When One Team Grows Into Two
With two developer teams, you will have your first opportunity to leverage gains through sharing. Maybe it will be a library you both share for interacting with infrastructure. Maybe it will be shared terraform modules to help reduce boilerplate. Maybe it will be a shared Ansible repo with playbooks.
Certainly at this stage, it doesn't “feel” like one team is trying to isolate, hide, or gatekeep them from the underlying infrastructure, right?
When Two Dev Teams Grow Into Ten
With Ten development teams doing their thing, it will become pretty clear that there is shared code or infrastructure components that are now powering your business. Things are spreading and diverging. Maybe one team wants to try out k8s and these new “containers” that everyone keeps talking about. Maybe one team has found “Spinnaker” for doing pipelines and thinks the other nine teams should try it.
As a organization, you are ready to make a call: Should we let the ten teams just do their thing and let things evolve organically, or should there be a dedicated team that is just in charge of building and maintaining the shared stuff?
I don't think I need to make the case that, at a certain scale, some sort of shared-infrastructure-core-compute-platform-devops team is worth it. Infrastructure at scale is complex, and expertise in infra can be a tide that raises all boats. But how do you prevent that tide from drowning your other teams, or even worse, holding them back from the “sunken treasures” that are the native cloud technologies? Where do you draw that infrastructure line boundary?
Push That Line Where It Makes The Biggest Impact
As with most things, the answer is nuanced. Where the line is drawn between raw resources and your users will depend on your business, and how much you stand to gain by building abstractions.
The trick is this:
With each abstraction you build, ensure that the users of that abstraction are empowerd to build bigger things on top of it, and not held back by it.
For example, let's say you built a Terraform module that abstracts away the fact that you deploy to an east and west EC2 region. Is that module empowering your users because now they don't have to be concerned about which region to deploy to (because it is figured out automatically), or does it hold them back, because the design of the module limits the fields they can use, which limits their ability to “beak out” of the module?
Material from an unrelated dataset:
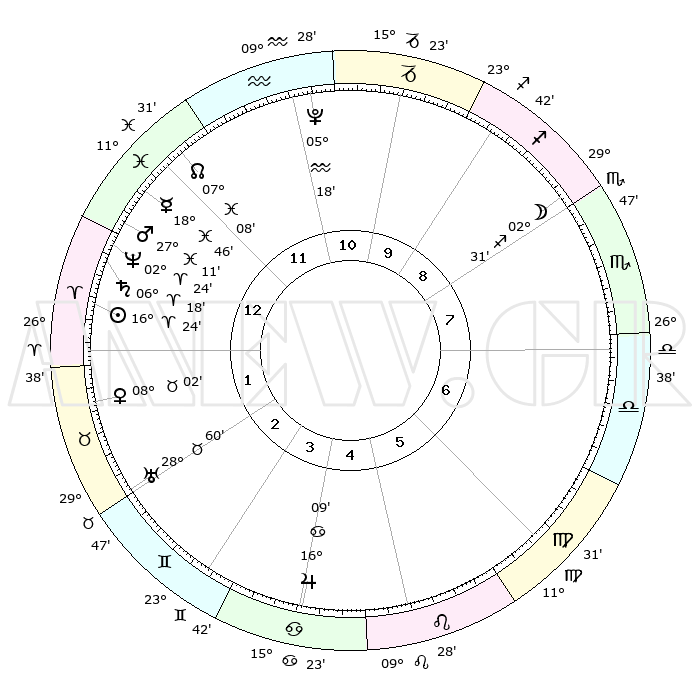 | | ΘΕΣΕΙΣ ΠΛΑΝΗΤΩΝ ΑΣΤΡΟΛΟΓΙΚΟΥ ΧΑΡΤΗ ΤΗΣ ΣΤΙΓΜΗΣ ΑΥΤΗΣ | | | | Πλανήτης | Ζώδιο | Μοίρες | Δεκαήμ. | Σε οίκο | Απόκλιση | | Ακμές των οίκων | | Ηλιος | Κριός | 16°20' | Δεύτερο | 1 | 06 N 25 | | 1ος | 17°12' | Ιχθείς | | Σελήνη | Τοξότης | 01°43' | Πρώτο | 9 | 25 S 31 | | 2ος | 00°16' | Ταύρος | | Ερμής | Ιχθείς | 18°41' | Δεύτερο | 1 | 06 S 18 | | 3ος | 29°46' | Ταύρος | | Αφροδίτη | Ταύρος | 07°57' | Πρώτο | 2 | 13 N 57 | | 4ος | 22°46' | Δίδυμοι | | Αρης | Ιχθείς | 27°08' | Τρίτο | 1 | 02 S 05 | | 5ος | 14°38' | Καρκίνος | | Δίας | Καρκίνος | 16°09' | Δεύτερο | 5 | 22 N 50 | | 6ος | 10°13' | Λέων | | Κρόνος | Κριός | 06°18' | Πρώτο | 1 | 00 N 32 | | 7ος | 17°12' | Παρθένος | | Ουρανός | Ταύρος | 28°60' | Τρίτο | 2 | 19 N 46 | | 8ος | 00°16' | Σκορπιός | | Ποσειδώνας | Κριός | 02°24' | Πρώτο | 1 | 00 S 15 | | 9ος | 29°46' | Σκορπιός | | Πλούτωνας | Υδροχόος | 05°18' | Πρώτο | 11 | 22 S 47 | | 10ος | 22°46' | Τοξότης | | Β. Δεσμός | Ιχθείς | 07°08' | Πρώτο | 12 | 08 S 53 | | 11ος | 14°38' | Αιγόκερως | | Ωροσκόπος | Ιχθείς | 17°12' | Δεύτερο | | | 12ος | 10°13' | Υδροχόος | | Μεσουράνημα | Τοξότης | 22°46' | Τρίτο | | | |

Example 2: Your “devops team” builds and supports tooling to do deploys via Ansible using custom playbooks. Is that set of tooling empowering your dev teams by providing a safe experience when deploying, providing for rollbacks, hitless deploys, and standardized tooling? Or is it holding teams back, because the tool isn't actually very good and doesn't deploy things in a way that is conducive to the actual type of application the devs are using?
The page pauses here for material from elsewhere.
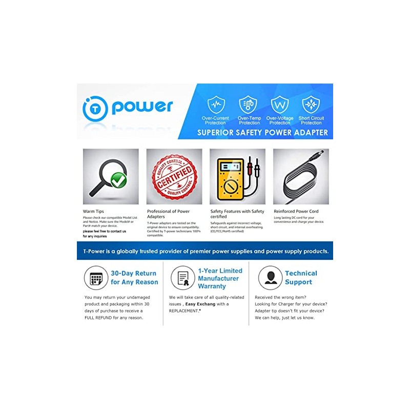 T-Power Made with Lithium-ion Batteries with 6.6 FEET LONG CABLE Power Supply Charger , Brand-new Input Voltage Range: AC 100V - 240V - - ( 25 ~ 27V DC - Compatible ) - HCX1501-2700500U HCX15012700500U

The mission of infrastructure teams is to push “against” (work with) infrastructure as a service to make it more useful to their company.
They do this by boiling away the unnecessary parts of “the cloud” till all that is left is exactly what developers need, “getting out of the way” of the business.
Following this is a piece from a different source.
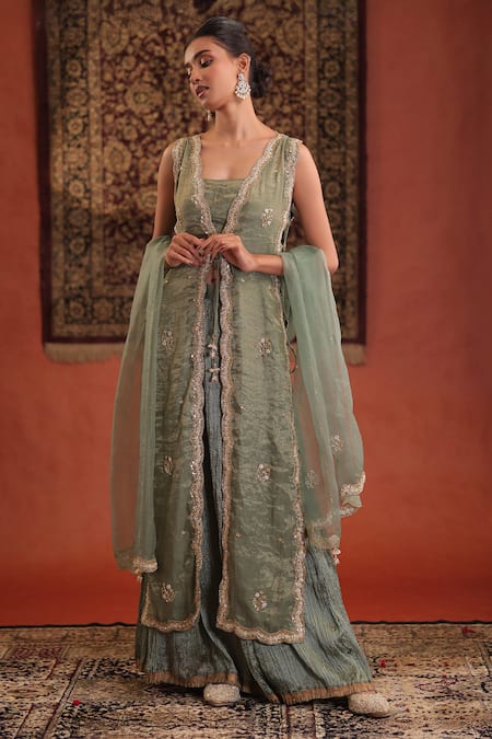 Mint Chanderi Silk, Tissue, Silk, Organza Embroidery, Sequins, Kurta Skirt Set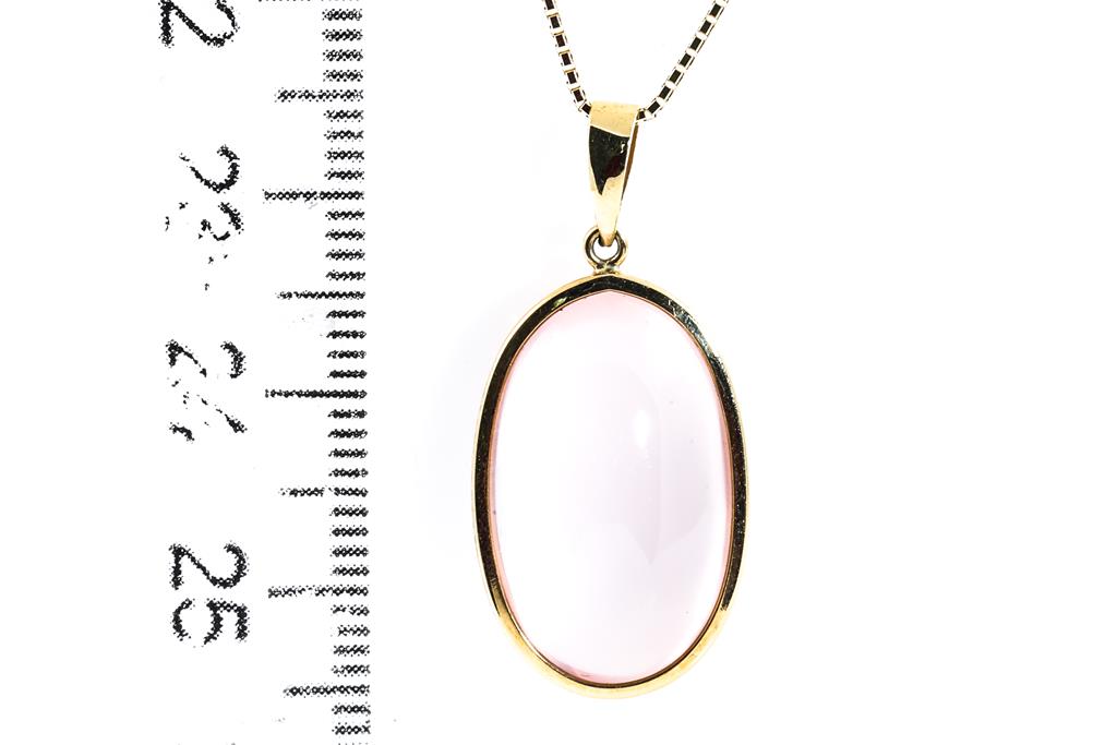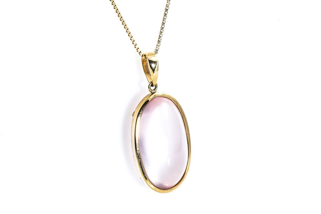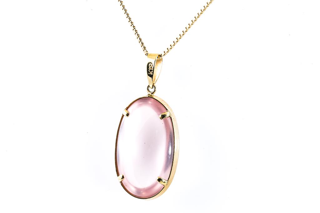 Quartz pendant with cabochon cut Rose Quartz of approximately 13.95ct. 18ct yellow gold with 18ct yellow gold adjustable 44cm chain. Weight: 5.5g. (Pre-owned)

At the same time, infrastructure teams need to always be sure that they are not unintentionally preventing developers from doing their jobs through restrictive and crappy tooling.
In the end, the best tooling is the kind where developers don't even know they are restricted in what they can do, because all their actual needs are taken care of. They are not held back by the inability to make custom tags, because all the tags they need are automatically generated for them. They are not held back by the inability to launch a custom EC2 instance, because whatever need they had to launch it in the first place is already met.